Archive for May 27th, 2008

Playtest Lessons

2008 May 27

Played Black & Gaunt last week at SGBoston. It was pretty fun for all involved, but the system didn’t quite support us as much as I’d like. I really wanted to evoke that zombie movie effect where the main characters are herded into an increasingly smaller space by a growing army of the dead, and that just doesn’t happen with the rules currently.

Talking with Eric and April over falafel afterwards, one of them suggested that it would make a lot more sense if the zombies could actually occupy an increasing amount of territory on the board. So you’d have an increasing number of zombie tokens that would grow and mark out locations that the zombies had taken over. Characters in those locations would be guaranteed to be attacked, but characters could avoid the zombies by sticking to unoccupied locations (where they would presumably still be fighting amongst themselves).

Another thing I wanted was for the major locations in the game to be further subdivided into smaller locations to do the “room by room” affect that happens with zombies and even in the Aliens movies. So, on the new map that I just worked up, the major locations also have blown-up outlines for you to draw individual rooms on and add basements and subbasements. Once it matters, then, where particular individuals are within a specific location, you subdivide that location on a zoomed in map. This may be something worth porting back to Geiger Counter in general.
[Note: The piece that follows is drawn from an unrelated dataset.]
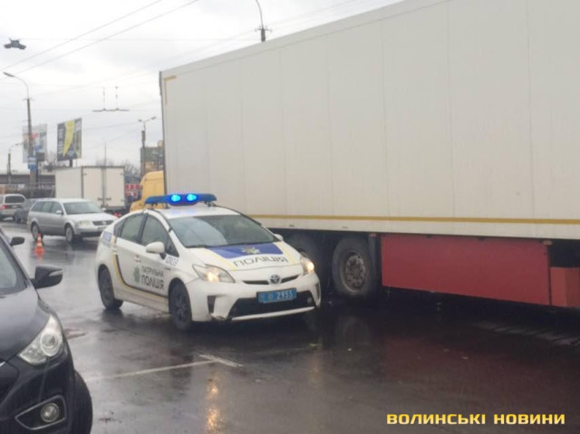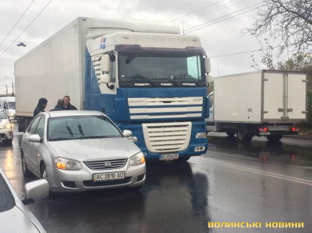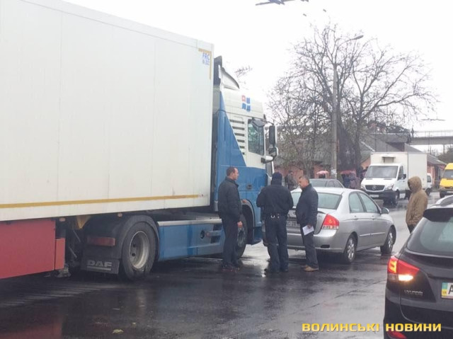 У Луцьку біля ринку вантажівка в’їхала у легковик. Фото

Not 100% sure this is how I want the map to go, but it’s a step in the right direction:

Nathan and Paul Weigh In

2008 May 27

Local recluse Nathan Paoletta has weighed in on one of the major issues current occupying indie roleplaying’s awkward adolescence: dealing with how mechanics actually get implemented in play, instead of narrowly looking at how they might work in an abstract, ideal case. Folks have brought this up before, but this seems to be a popular topic recently.

Nathan’s comments remind me of what Paul Tevis was saying over on Cultures of Play, that he was slowly coming to realize that there’s a number of things that we like about roleplaying that can’t (or maybe just shouldn’t) be the focus of mechanics. This relates to earlier conversations about the “fruitful void” a bit, but is also the sign of something new. It’ll be interesting to watch how different people choose to react to this growing concern, both in play and in publishing.